As a preferred implementation manner, in an embodiment of the present invention, the computer device includes a memory, a processor, and a computer program stored on the memory and executable on the processor, and the processor implements the following steps when executing the computer program:
acquiring a text to be extracted and an extraction rule corresponding to the text to be extracted, wherein the extraction rule comprises an extraction field;
determining the chapter position of each directory information in the file directory in the text to be extracted according to the file directory of the text to be extracted, and generating chapter information;
dividing the chapter information according to a preset rule to generate a corresponding division list;
and generating key value pair information corresponding to the text to be extracted according to the division list and the extraction rule, and storing the key value pair information into a database, wherein the key comprises an extraction field, and the value comprises the division list and target information corresponding to the extraction field.
As a preferred implementation manner, in the embodiment of the present invention, when the processor executes the computer program, the following steps are further implemented:
performing paragraph division on each chapter information according to preset paragraph characteristics to respectively generate corresponding paragraph lists;
and carrying out sentence division on each paragraph in each paragraph list according to preset sentence characteristics to respectively generate corresponding sentence lists.
As a preferred implementation manner, in the embodiment of the present invention, when the processor executes the computer program, the following steps are further implemented:
determining a first paragraph or a first sentence in which the extraction field is located in the division list, and determining a second paragraph adjacent to the first paragraph or a second sentence adjacent to the first sentence;
searching the first paragraph and the second paragraph or the first sentence and the second sentence by adopting a preset search rule, and determining target information corresponding to the extraction field;
and generating key value pair information corresponding to the text to be extracted according to the extraction field and the target information, and storing the key value pair information in a database.

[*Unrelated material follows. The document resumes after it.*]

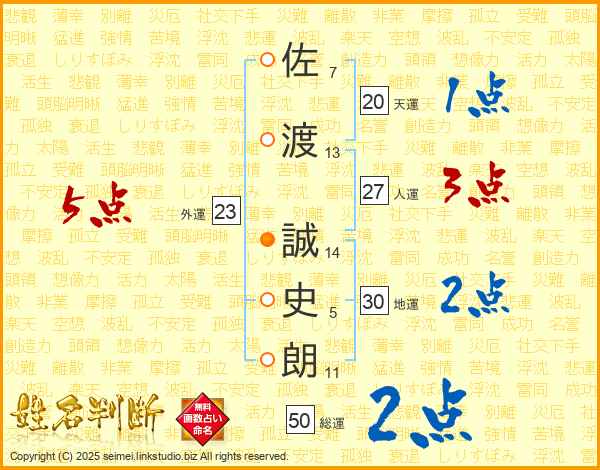 佐(7画)渡(13画) 誠(14画)史(5画)朗(11画)

As a preferred implementation manner, in the embodiment of the present invention, when the processor executes the computer program, the following steps are further implemented:
carrying out target detection processing on the sentences in the division list to acquire target information corresponding to the extraction field;
and generating key value pair information corresponding to the text to be extracted according to the extraction field and the target information, and storing the key value pair information in a database.
As a preferred implementation manner, in the embodiment of the present invention, when the processor executes the computer program, the following steps are further implemented:
and acquiring service state change information in the sentence list according to the extraction rule, and generating key value pair information corresponding to the text to be extracted according to the service state change information and the extraction field and storing the key value pair information in a database.
As a preferred implementation manner, in the embodiment of the present invention, when the processor executes the computer program, the following steps are further implemented:
and denoising the key value pair information, and storing the denoised key value pair information into a database.
As a preferred implementation manner, in the embodiment of the present invention, the extraction rule includes a regular expression.
In an embodiment of the present invention, a computer-readable storage medium is further provided, on which a computer program is stored, and when the computer program is executed by a processor, the computer program implements the following steps:
acquiring a text to be extracted and an extraction rule corresponding to the text to be extracted, wherein the extraction rule comprises an extraction field;
determining the chapter position of each directory information in the file directory in the text to be extracted according to the file directory of the text to be extracted, and generating chapter information;
dividing the chapter information according to a preset rule to generate a corresponding division list;
and generating key value pair information corresponding to the text to be extracted according to the division list and the extraction rule, and storing the key value pair information into a database, wherein the key comprises an extraction field, and the value comprises the division list and target information corresponding to the extraction field.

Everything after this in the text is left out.